The other confusion surrounding Contador's proposed ban was the length, which was just a year, but Ramos explains this "was no more than a prosecutor's proposal". "It was wrongly thought that a year's ban was an actual sentence, and that the Spanish cycling federation was then influenced by political pressure in Spain [to reduce it]. But that proposal was not legally binding."
As for those who believe that a banned substance in an athlete's body is a positive under Wada regulations come what may, Ramos argued "they should read the whole rulebook, not just the article [that states that] and they would find there are exceptions to that rule."
"That exception was applied by the Spanish federation in Alberto's case, by CAS in the case of [tennis player Richard] Gasquet, and by the German Federation in the [table-tennis player Dimitrij] Ovtcharov case."
Much of the collective bafflement and cynicism north of the Pyrenees that greeted the Contador verdict has arguably been provoked by the confusion over the exact nature of Contador's defence, given he had literally consumed the prime piece of evidence in his favour, namely the beef.
But Ramos says there was plenty of indirect evidence that helped to clear Contador. "We showed that the testing for clenbuterol in cattle is not infallible in Europe," he says. "There is a European Union norm – 96/23/CE, dating from 1996 – which states that only 0.25 per cent of cattle should be tested for clenbuterol. So 99.75 per cent are not.

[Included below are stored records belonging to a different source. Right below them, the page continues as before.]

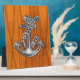 Chrome Rope Anchor on Teak Veneer Plaque
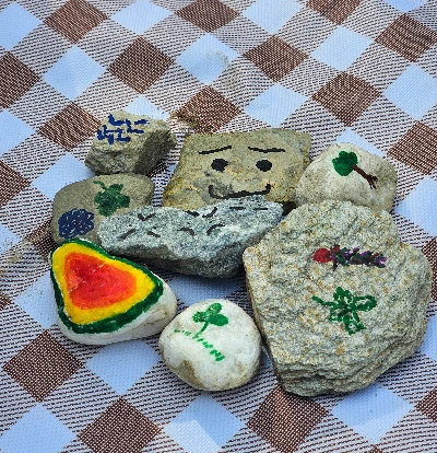 작업이 끝나자, 자신의 돌멩이에 담긴 이야기를 한 명씩 나누기 시작했다.
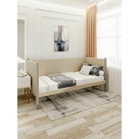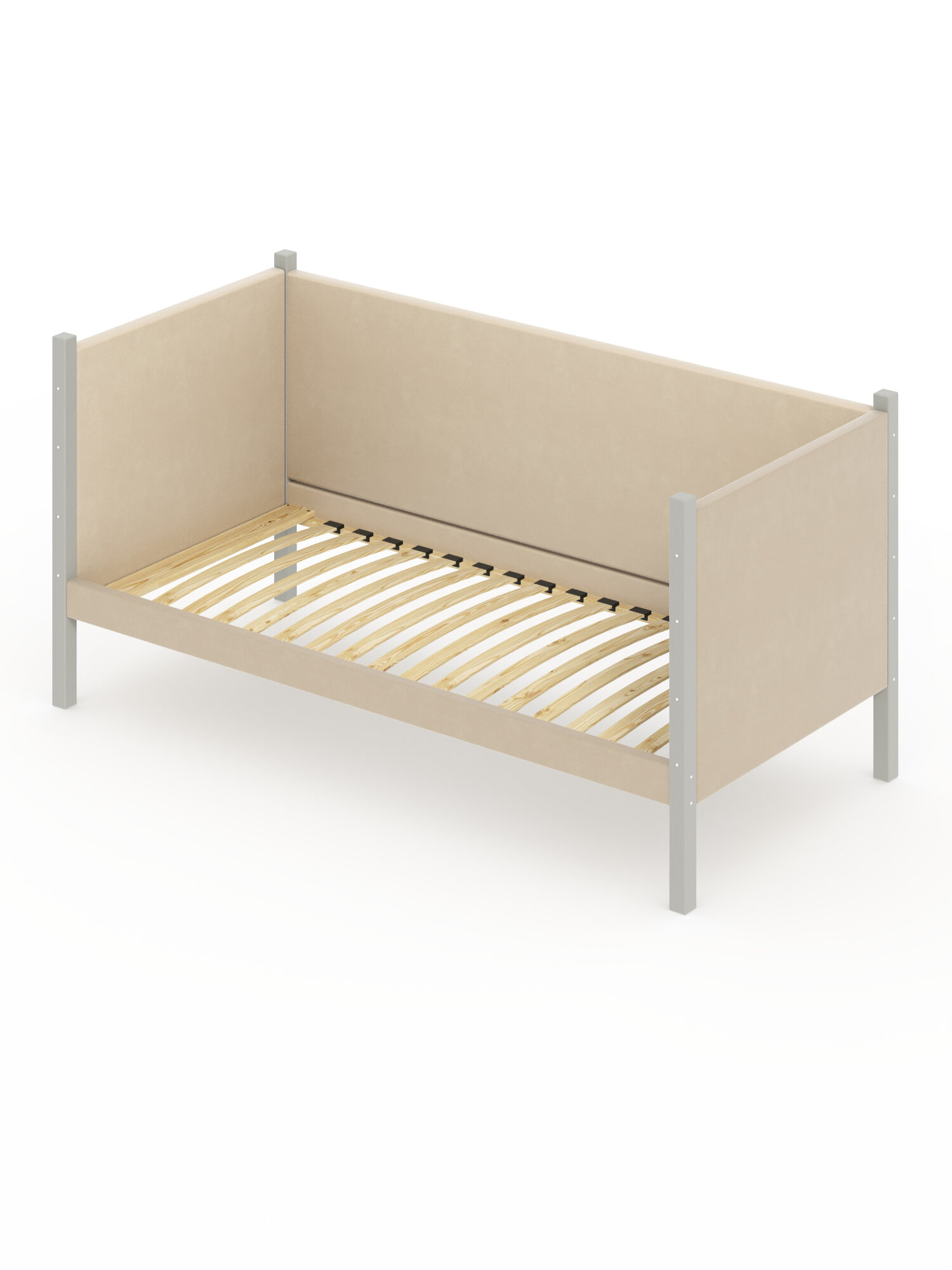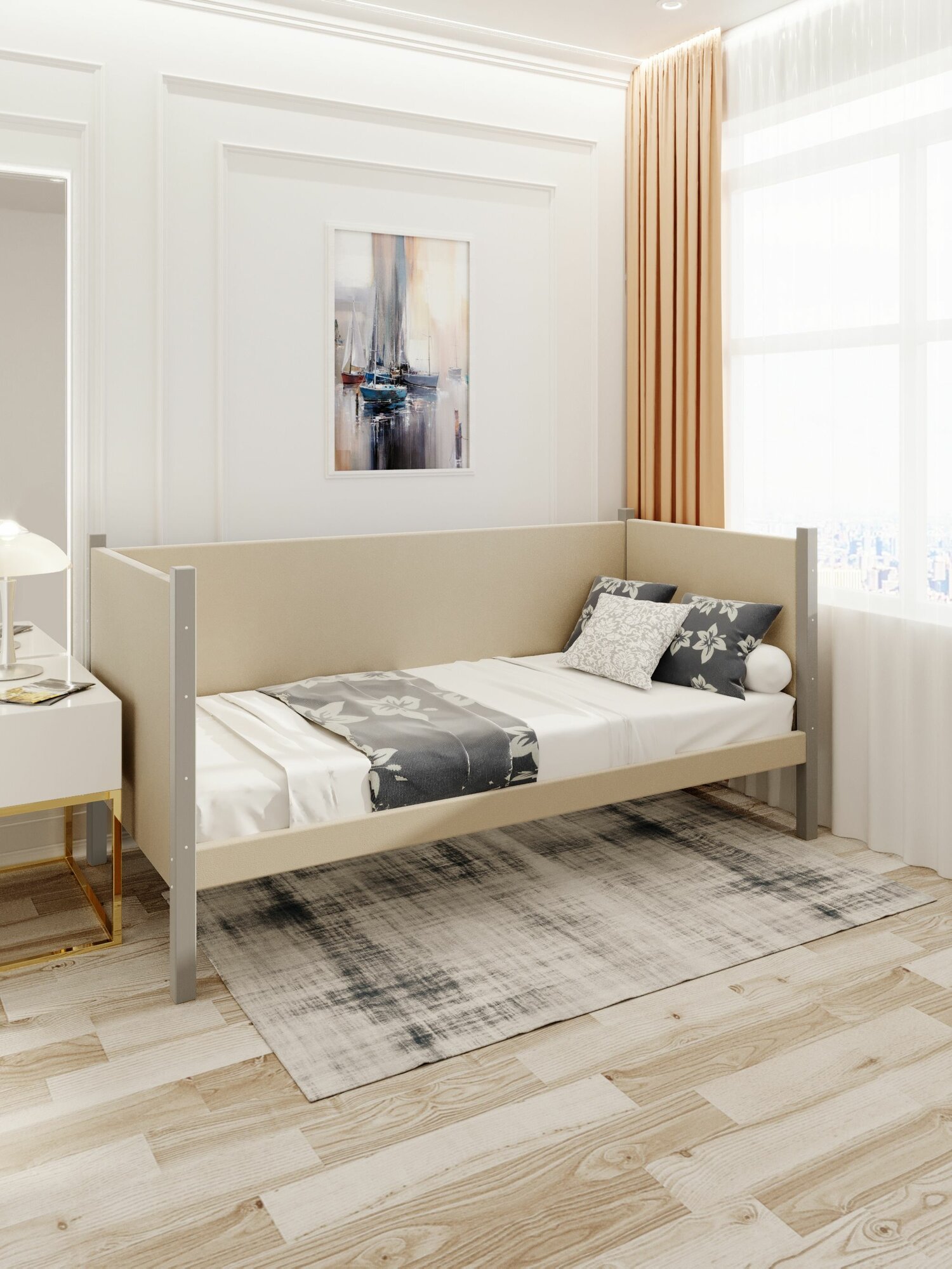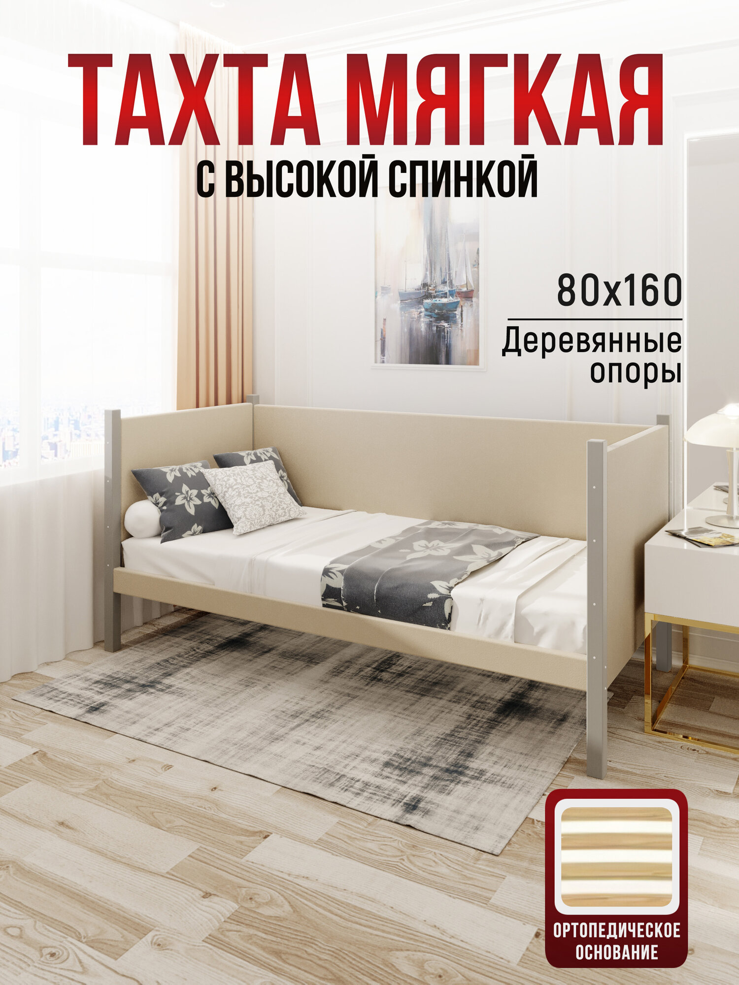 Тахта односпальная из массива сосны Классика, 80х160 см, ортопедическое основание и высокие бортики с мягкой обивкой бежевого цвета, цвет ножек платина: сравнение цен, характеристики, фото, актуальное наличие и цены.

"During the very same period the Spanish Ministry of Agriculture says that there have been no positives for clenbuterol in [Spanish] cattle. But we've shown that the police have gone on arresting people for using clenbuterol and other banned substances in their livestock." As for the offending cow itself, "The Basque Government gave us three possibilities, and curiously enough, the owner of the one that was most likely to be it is in partnership with his brother, who was penalised a few years back for using clenbuterol.
"So when WADA [the World Anti-Doping Authority] says it is impossible that the banned substance clenbuterol could be found in Spanish cattle, that's like saying, ‘Cocaine is banned, end of story'."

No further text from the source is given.